Another key finding was that entities that failed faster, had better chances of success. This slots in nicely with the Lean methodology CobbleWeb applies to software development, which emphasises continuous improvement in the speed and quality of deliveries.  

“You have to figure out what worked and what didn’t, and then focus on what needs to be improved instead of thrashing around and changing everything,”

– Dashun Wang, Professor of Management and Organizations at Northwestern University’s Kellogg School of Management

The bottomline, how your business responds to failure will determine its future.

5 mistakes that killed the AAF marketplace’s chances of success

#1 – Cognitive dissonance

Experts in one discipline often think they are experts in everything else. AAF’s business development consultant may have seen success in other ventures, but his lack of marketplace expertise created a loss of focus which placed the project in jeopardy.

#2 – Constantly replacing point people 

Successful marketplace projects require good communication lines between the project owners and their development partners. When there’s lots of personnel changes it creates a lack of continuity and communication breakdown.

 #3 – Not sticking to a proven process

AAF ignored the advice from their development experts with regards to following an iterative process in order to identify profitable market segments and establish product-market fit. 

Why it is important to invest in a process, rather than a product, is discussed in-depth in our blog post: Marketplace development: budget vs cost (they’re not the same).

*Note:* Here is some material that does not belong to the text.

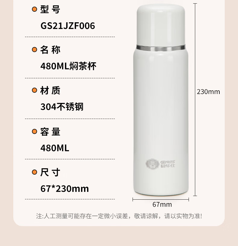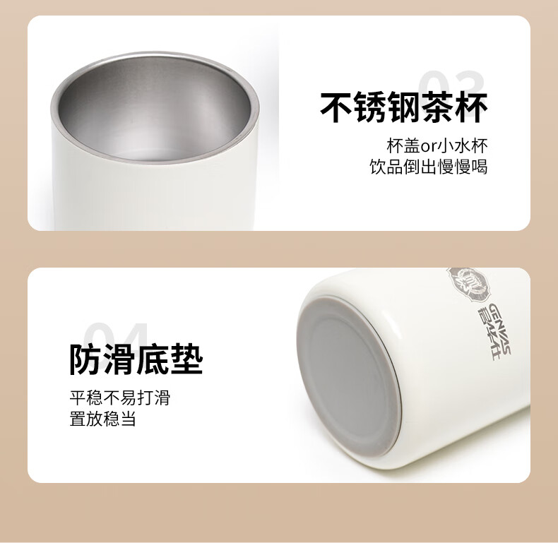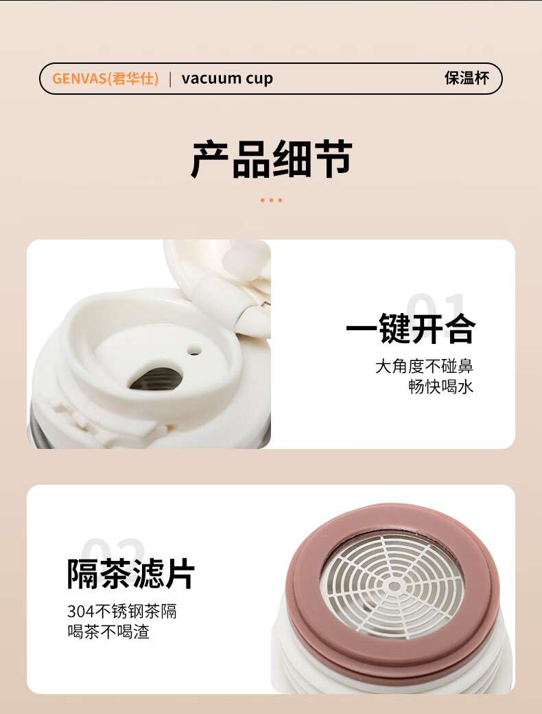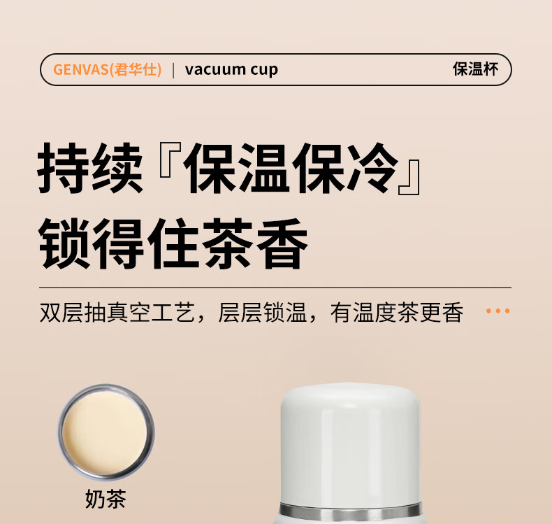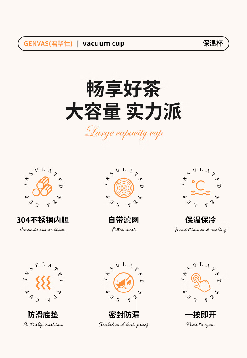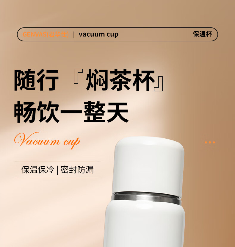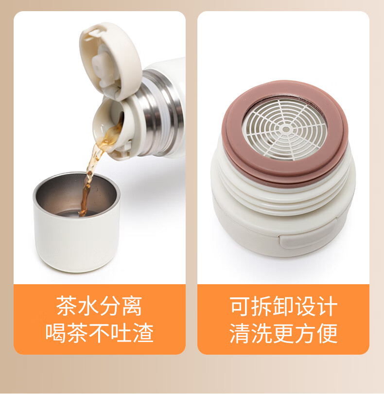 君华仕野餐户外焖茶保温杯带茶隔车载随行泡茶杯子GS21JZF006 白色

#4 – Focusing on go-to-market strategies instead of product-market fit

AAF spent far too many resources on a shotgun global marketing strategy, instead of carefully choosing a highly engaged market, in a country such as the UK, to test their assumptions and grow profitable segments first. In order to add real value, an online marketplace extension to a successful bricks-and-mortar business should be complementary, rather than simply replicate the physical model.

#5 – KISS

Adding far too many bells and whistles and layers of complexity to the first version of their marketplace made it difficult to test core assumptions about user behaviour. It also took focus and resources away from establishing product-market fit.

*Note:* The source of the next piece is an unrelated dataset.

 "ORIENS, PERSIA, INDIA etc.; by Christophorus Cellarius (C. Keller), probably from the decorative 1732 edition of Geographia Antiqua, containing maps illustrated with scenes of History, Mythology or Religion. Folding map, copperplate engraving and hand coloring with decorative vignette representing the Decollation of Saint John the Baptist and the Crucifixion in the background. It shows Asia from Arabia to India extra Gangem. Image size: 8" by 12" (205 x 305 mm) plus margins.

We must make it clear that we are not picking on AAF. Online marketplaces are complex digital platforms that require many moving parts to run in sync for them to be successful. Many things can go wrong.  Sometimes it simply comes down to no market for the product. By illustration, another client, Moto+, had a brilliant idea to establish a rental marketplace for motorcycles similar to Uber. After a promising start, their platform was shut down due to lack of traction.

Therefore we insist on minimising our clients’ risk with a proven iterative process and do not simply churn out a static product. That’s why Minimum Viable Platforms are so valuable . . . with the caveat that they are properly implemented.